We have previously demonstrated that memory B cells from the GALT can be adoptively transferred to naїve syngeneic recipient mice, and upon an oral immunization with CT, elicit a strong gut IgA response in the LP (Lycke and Holmgren, 1989
). More recently we have observed that these transferable memory B cells are present exclusively among CD80+
B cells from spleen, MLN, and PP even 1 year after oral priming immunizations (Andersson et al., 2007
; Bemark et al., 2011
; Bemark et al., unpublished observation). Others have demonstrated that adoptively transferred rotavirus-specific memory B cells can effectively clear the infection from rotavirus-infected RAG-deficient mice (Williams et al., 1998
). Interestingly, in the latter study splenic memory B cells with the ability to clear rotavirus infection through SIgA production could be identified on the basis α4
integrin expression, whereas B cells lacking this integrin did not clear the infection. Taken together, it is clear that mucosal IgA responses against TD-antigens following infection or oral vaccination also effectively stimulate the development of antigen-specific memory B cells and long-lived plasma cells.

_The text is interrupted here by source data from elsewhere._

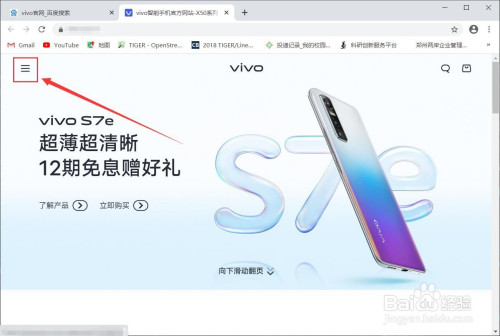 在vivo官网中点击左上角的三条横线按钮。
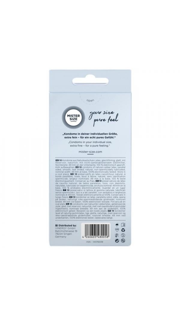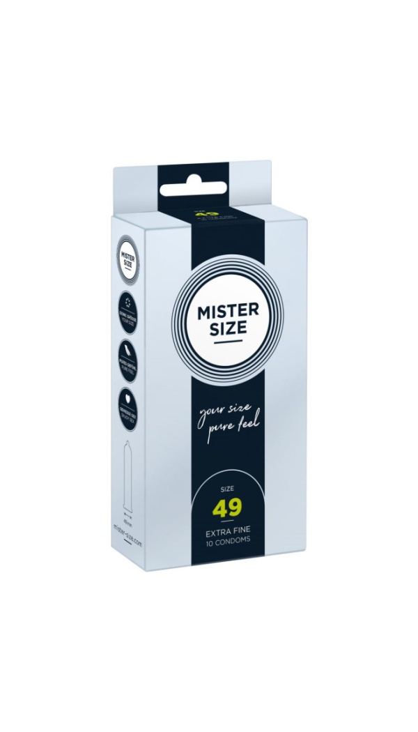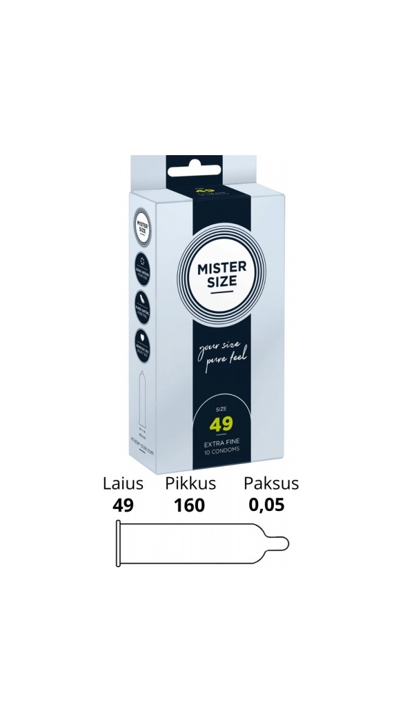 Mister Size 49mm on soovitatav peenisele ümbermõõduga 10 kuni 11cm . Kondoomi laius on enesetunde jaoks kõige olulisem. Õige Mister Size kondoomi kasutamine annab teile parema tunde ja tunnete end turvalisemalt, kuna kondoomil on optimaalne sobivus. Mister Size kondoomid pakuvad hõlpsat lahtirullimist ja sobivad ideaalselt. Mister Size latekskondoomid on sirge kujuga, läbipaistvad, libestatud ja otsas reservuaariga. Väga õhukesed - paksus vaid 0.050 mm.
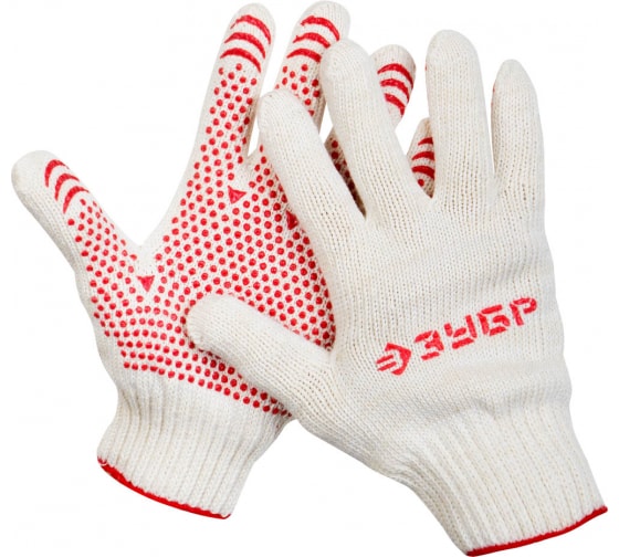 ЗУБР МАСТЕР, размер L-XL, перчатки для тяжелых работ, х/б 7 класс, с ПВХ-гель покрытием (точка)
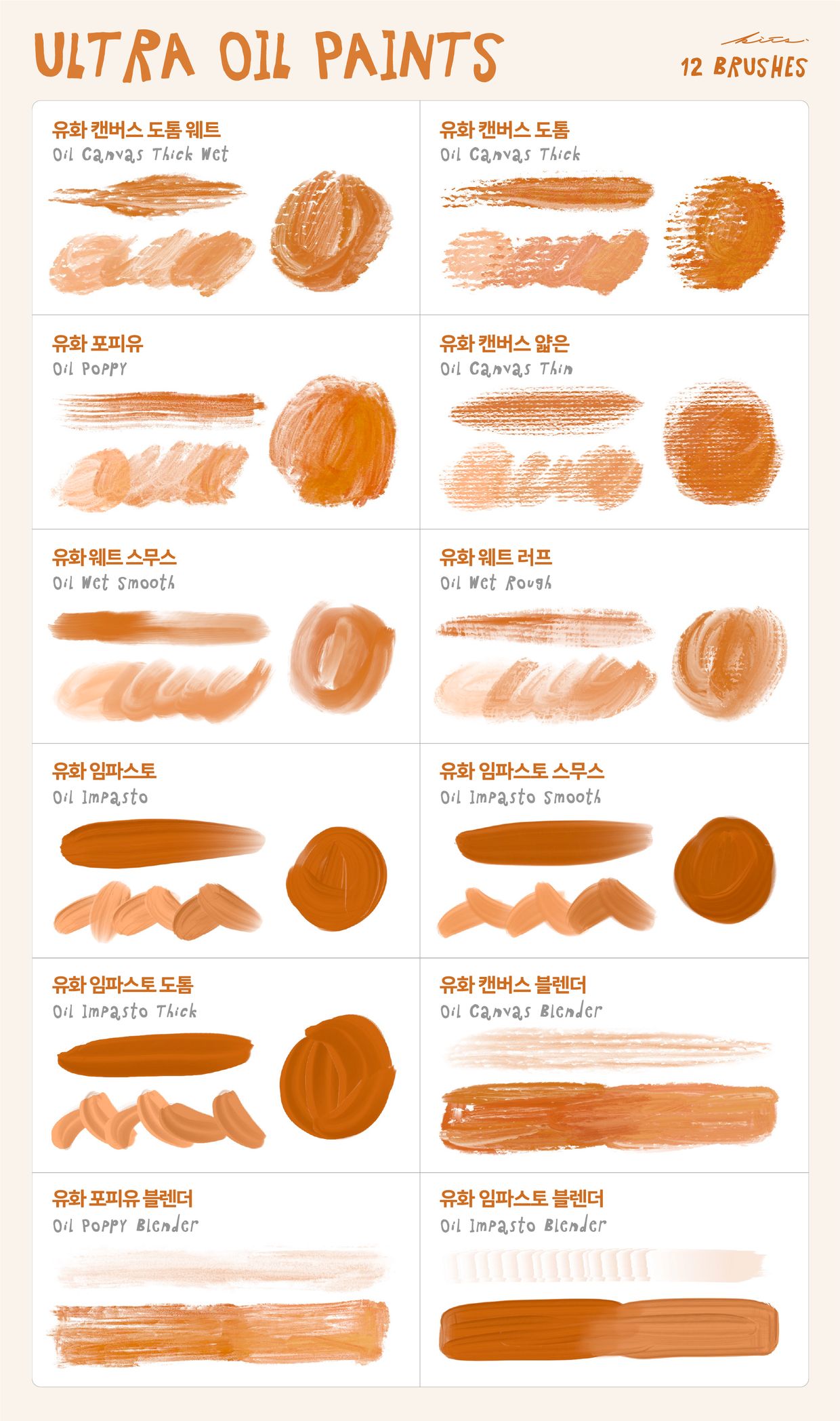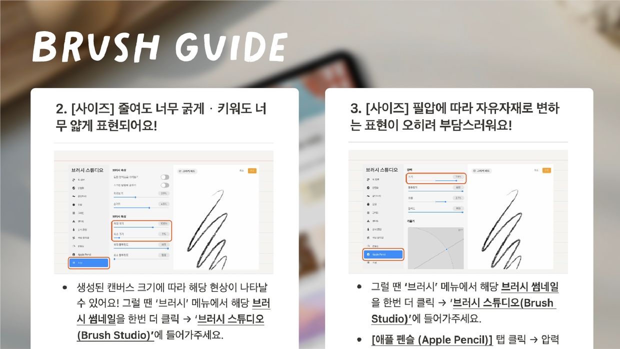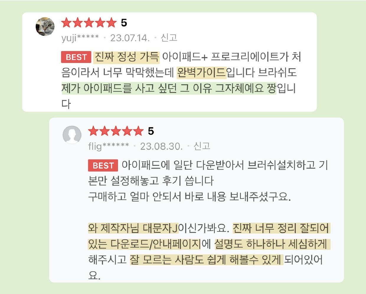 제공해드리는 브러시 파일은 아이패드 프로크리에이트 앱 5X 버전 이상에서 최적화로 활용 가능합니다. 따라서 앱 업데이트를 권장드리며, 전달받으신 후 호환이 되지 않는 경우에는 메시지로 문의를 남겨주세요!
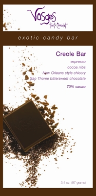 Creole Bar. Journey to New Orleans and a 70% São Tomé chocolate, flavored with coffee and speckled with cacao nibs and chicory root. Coffee and chocolate have been paired together for years because they enhance each other’s flavors to extraordinary heights: Creole makes this deliciously clear. It’s immediately robust with a bold chocolaty strength supporting hearty roasted coffee notes. Coffee dominates the palate and elevates the overall tone to a much bolder level that the chocolate would not be able to achieve by itself. The texture is thick, melting slowly. The nibs add an appealing coarse graininess and crunch. The chocolate itself is heavy on the palate and very full-bodied, delivering a boldness common of São Tomé (an island nation off the west coast of Africa) cacao and the coffee that flavors it.
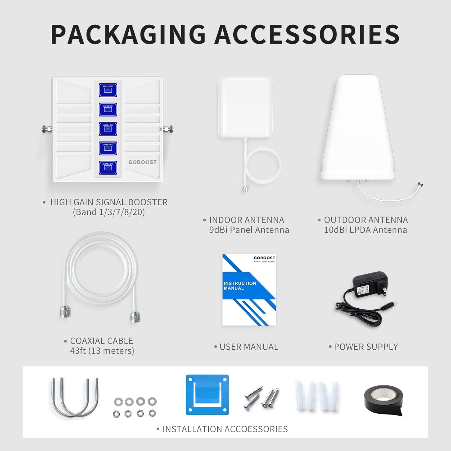 | Whats in the box | 1 * 13 Meters (43 feet) Coaxial Cable, 1 * Cell Phone Booster, 1 * LPDA Antenna, 1 * Panel Antenna, 1 * User Manual |
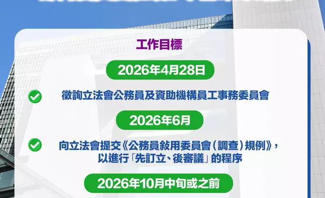 公務員事務局將先於4月28日,向立法會公務員及資助機構員工事務委員會提交討論文件,詳細介紹「部門首長責任制」的理念、調查機制運作模式,以及擬議《公務員敍用委員會(調查)規例》的主要內容。
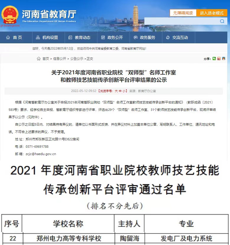 近日,河南省教育厅公布2021年度河南省职业院校“双师型”名师工作室和教师技艺技能传承创新平台评审结果,BG大游平台联合国家电网有限公司首席专家陶留海申报的“发电厂及电力系统专业教师技艺技能传承创新平台”成功获批。
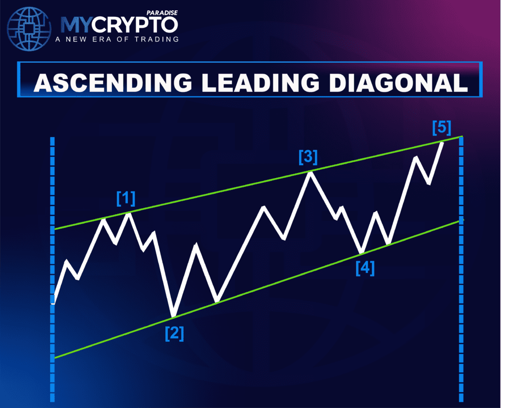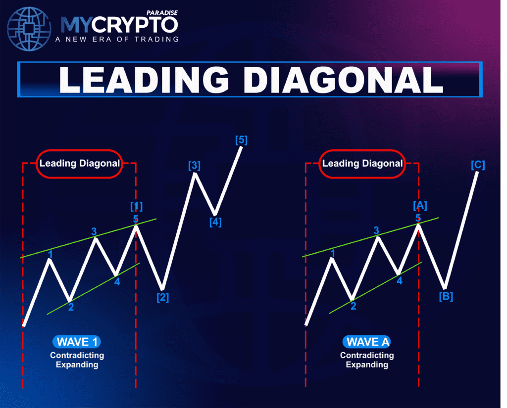 A leading diagonal is more than just a structural pattern in Elliott Wave Theory as it often signals the early stages of a strong price movement. Unlike a standard impulse wave, a leading diagonal shows a gradual yet determined push in the market’s direction, often accompanied by choppy or overlapping price action. This formation suggests that although the crypto market may appear hesitant at first, a more forceful trend is about to develop.

The generation of memory B cells after oral immunization raises several questions with regard to if, and in that case, how they differ from memory cells that are generated through systemic immunization. This question is not only important from a mechanistic point of view, but may also have important implications for the development of more effective mucosal vaccines. Moreover, if, as discussed above, B cells recognizing antigens from the microbiota enter PP GC, will they give rise to memory B cells and long-lived plasma cells, or are cognate B–T cell interactions needed? Given that the mucosal immune system holds several unique traits compared to the systemic immune system we would argue that it could also apply to the ability to support memory B cell and long-lived plasma cell development. There are indeed data to suggest that oral immunization can be more efficient than systemic immunization for the generation of long-term immune protection, especially against enteropathogenic infections (Lycke, 2012
). Whether this is because of the expression of α4
integrin on mucosal memory B cells, as suggested by the rotavirus studies, or could be a function of other properties of these memory B cells compared to systemic memory B cells is poorly understood. Moreover, we know that oral immunization stimulate mucosal and systemic memory B cell development, whereas systemic immunization fails to stimulate mucosal memory responses (Lycke, 2012
; Bemark et al., unpublished observation). Understanding what the difference is between the immunization routes is critical for vaccine development, in general, and for mucosal vaccine development, in particular. Presently, we lack information about the relationship between systemic memory IgG and mucosal memory IgA cells following oral immunization. Are these memory B cells clonally related and do they emanate from the same or different inductive sites? We are currently addressing these pressing questions using the NP-CT system and the B1-8hi
NP-specific IgH knock-in B cell adoptive transfer model described above, with the hope to defining which Tfh functions and molecular pathways that are involved in memory B cell development in the PP GC.